In some cases of gastroparesis, oral maintenance of nutrition is not possible. Due to the extreme nausea, vomiting, and pain, patients often experience severe malnutrition, weight loss, and dehydration. Potassium tends to drop quickly which can lead to serious complications including sudden cardiac death. Other common nutrients easily affected are calcium, iron, magnesium, and phosphorous. Typically, vitamins and minerals are not well tolerated orally so supplementation is often difficult.
If following the recommended diets don’t work, and the patient suffers from chronic malnutrition, feedings through an IV line or G/J-tube may be the only option for maintenance of nutrition.
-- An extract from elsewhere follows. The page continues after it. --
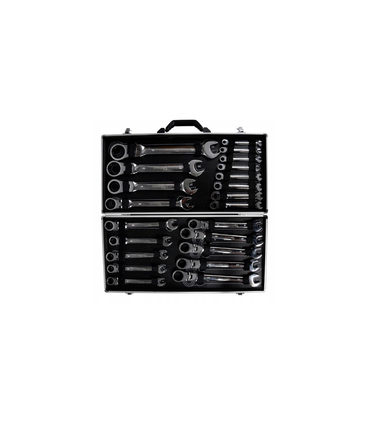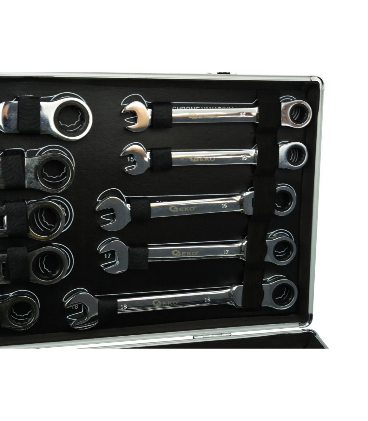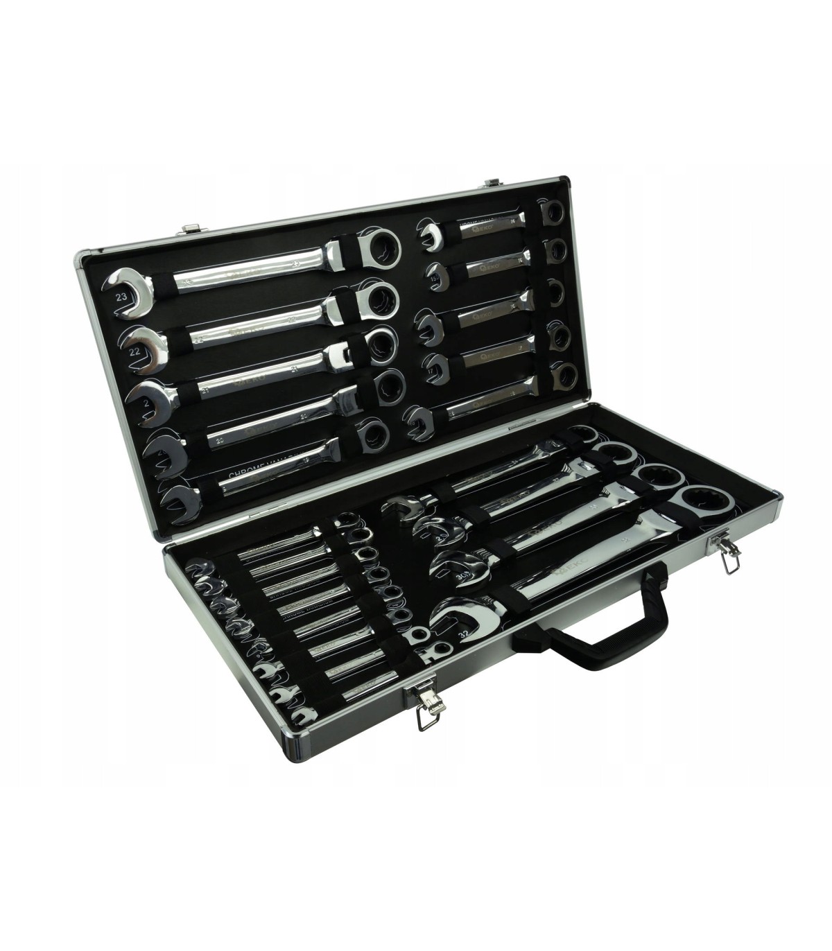 Wysokiej klasy zestaw kluczy płasko oczkowych z grzechotką.

Although tube feedings are safer than IV Nutrition (TPN), they are usually not effective in people who suffer from problems of the lower GI tract. They are most commonly used in cases of Gastroparesis, although they can also be used to help the stomach and/or small bowel decompress and prevent vomiting.
Some individuals and children may be unable or unwilling to eat because of the severity of their disorder or they may be unable to maintain basic nutritional requirements even with supplementation and diet adjustments. In such cases, individuals are put on enteral or total parenteral nutrition (TPN).
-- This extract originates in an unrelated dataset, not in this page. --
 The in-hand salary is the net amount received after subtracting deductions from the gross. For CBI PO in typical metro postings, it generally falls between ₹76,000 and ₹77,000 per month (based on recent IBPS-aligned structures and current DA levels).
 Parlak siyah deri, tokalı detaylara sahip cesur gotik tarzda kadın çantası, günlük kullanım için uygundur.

Nutritional Support for CI
Although CI does not have a cure, it can often be managed with changes to a patient’s diet and medication. However, some patients will still not be able to maintain a healthy weight or nutritional status, and may be frequently hospitalized for dehydration and complications arising from malnutrition. For such patients, enteral nutrition (receiving nutrition through a feeding tube) can provide the nutrients and calories they need each day.
In many cases of CI, oral maintenance of nutrition is not possible. Due to the extreme nausea, vomiting, and pain, patients often experience severe malnutrition, weight loss, and dehydration. Having CI doesn’t mean a patient will need a feeding tube; it is only placed in the most severe cases that are not responsive to dietary and pharmacological interventions.
It is also important to remember that if a patient’s condition improves enough that they can maintain their weight and nutritional status through oral feedings, the feeding tube can be removed.
If following the recommended diets doesn’t work, and the patient suffers from chronic malnutrition, feedings through an IV line may be the only option for maintenance of nutrition.
There are two types of feeding:
1. Parenteral nutrition is nutrition fed through the vein, commonly referred to as TPN (Total Parenteral Nutrition)..
2. Enteral nutrition is nutrition fed through a feeding tube which has been implanted into the stomach and/or small bowel.